Понятно, что есть функция изначально информативная: рассказать, что там было. Функция познавательная: когда литература неразъемна от мифологии и пытается объяснять мир. Функция эмоциональная: когда поют на свадьбах или плачут на похоронах. Ну, а когда все спокойно – зачем нужно писать стихи?.. «Для того, чтобы это было прекрасно».
Для того, чтобы было прекрасно, можно любоваться закатом, можно слушать пение птиц. И мало ли чем еще можно заниматься без всей вот этой ерунды. А зачем поэтам сжигать себя в короткие годы безобразной, часто асоциальной, жизни?
И как это получается, что есть вот шахтер, который добывает уголь: тяжелая, но нужная работа. Есть поэт, который сочиняет стихи. С точки зрения шахтера – это вообще не работа, а кроме того, она никому не нужна. И каким-то образом этот самый поэт, не политик, не адвокат, вообще там виршеплет, стоит в социальной табели о рангах выше этого шахтера.
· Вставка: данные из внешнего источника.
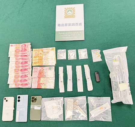 案情指,前日早上,司警接獲路氹某酒店職員報案,指早前清潔工人打掃某房間發生懷疑有毒品及吸毒工具。司警人員到場在保安協助下,於酒店範圍內拘捕涉案的施姓及兩名陳姓男子,帶返該房調查。當時該房間未退房,司警在餐檯上起出一點四二克海洛英、零點四一克冰毒以及吸毒工具,毒品市值三千二百澳門元。司警查悉,疑犯有吸毒的習慣,早前施姓男子從內地偷運毒品來澳後,與兩名陳姓男子一同吸食。三人經驗尿證實對毒品呈陽性反應。司警正追查毒品的來源。

А иногда еще и денег получает больше, что может показаться особенно несправедливым.
Потому что людям в общем и целом нет разницы: переструктурировано Бытие-вне-нас или внутри-нас.
С этой точки зрения пробить тоннель под Монбланом и написать такую поэму, допустим, как «Илиада» – это в чем-то события сходные, равновеликие. Что да, эта поэзия, она вроде бы в реальности не существует, зато она отлично существует в нашем внутреннем мире.
Вот мы берем и делим наш внутренний мир на две неравные части. Большая часть, ну чисто условно возьмем 90%, – это наш внутренний мир, который совпадает с внешним миром. И чтобы мы ни переделывали, переструктурируя во внешнем, оно у нас внутри совершенно адекватно отражается. И поскольку мы имеем дело все-таки с нашими представлениями о предметах, то мы переструктурируем те 90% своего Бытия-внутри-нас, которые адекватно отражаются снаружи. Мы думаем, что мы строим космический корабль – и мы строим космический корабль. Думаем, что летим к Марсу – и летим к Марсу.
А вот 10%! – они не находят, и вообще не имеют, адекватного отражения снаружи, вне нас. Мы пишем стихи – и эти стихи существуют только в нашем сознании: только в восприятии нашей центральной нервной системы. А нашей центральной нервной системе, в общем, все равно: читать лирические стихи о том, чего, в общем, и нет, а просто о чувствах, – или читать отчет, допустим, об экспедиции на Марс, которая была объективна. Внутри нас происходят точно те же самые процессы осознания и чувствования.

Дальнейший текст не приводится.